And you want to put yourself into that mind where you don’t know the answer, and then, okay. And then you finally do and the game is over. So you said you haven’t answered this question, and I’ve never been alive knowing the answer to this question. It’s always annoyed me. So it was based on one of your videos where you explained that there was a guy who went into. Who conducted research on a bank with the balance sheet to see if banks create credit, or if they loan out existing money as credit, or if they create money or they not money, they create credit or they don’t.

And this guy had to do a research project to figure out the answer to this question. And my question was, how can people not know the answer to this question? Because it’s the basic mechanism of today’s fiat system. Banks, are they lying to us? Or are they just really stupid and they don’t know? Or what is going on here? Okay, so the video you’re talking about is, mommy, where does money come from? And it’s about a research paper written by Professor Richard Werner, who damn well knew the answer before he did it. But he’s like, listen, we’ve had 100 years of argument back and forth over whether banks borrow money, sorry, whether banks create money out of thinner or whether they’re reaching into accounts or are they using pre existing money to make loans, yes or no? So he does this scientific experiment where he goes into a bank in Germany.

It’s a small bank. He takes out a 200,000 euro loan, then he tracks through the bank software. At the end of the day, he’s looking at the picture of the snake after it’s eaten the goat, and he’s watching the goat travel through the snake. The 200,000 euro loan being so huge at a small bank that he’s able to do that. He concludes definitively that banks create money out of thin air when they lend. Now, why don’t people know that? Why is that not known? The reason it’s not known is that we’re taught the piggy bank model of banking, where theyve got the vault, they make the loan, theyve got to think hard about this and whether theyre going to lend you this pre existing money, this pre existing capital.

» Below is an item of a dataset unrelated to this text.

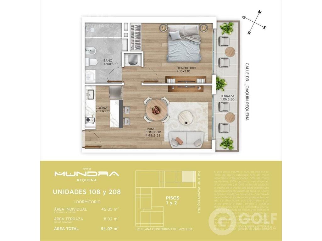 Venta apartamento de 1 dormitorio con terraza en Cordón.

And that basic story of the piggy bank model has a lot of variations. Theres fractional reserve and theres all these different models, and its all a bunch of nonsense. The problem with trying to learn about the banking system is youve got to unlearn a lot of garbage that you have in your head. Richard Werner did this experiment. He shows it. Now the question is, do bankers inside the bank know that theyre, do they know where the money comes from? And I happen to know a guy who works inside the bank, and he does the software. He programs the pipes, the plumbing in the monetary system for his bank.

Hes got to know, because if hes wrong and hes got the money running into the wrong routes, he could destroy the bank in 10 seconds. So he has to know the answer to that. So what this guy does is an employee of the bank. Is he one day over? He’s done this for years. He periodically goes around and will ask a banker, hey, when we make a loan, he feigns ignorance and he says, hey, when we make a loan, where does that money come from? Does it come from reserves at the central bank? Does it come from other accounts? Does it come from the accounts we have at other banks? Do we created out of thin air? And he’s astonished that bankers, most of them don’t know the answer.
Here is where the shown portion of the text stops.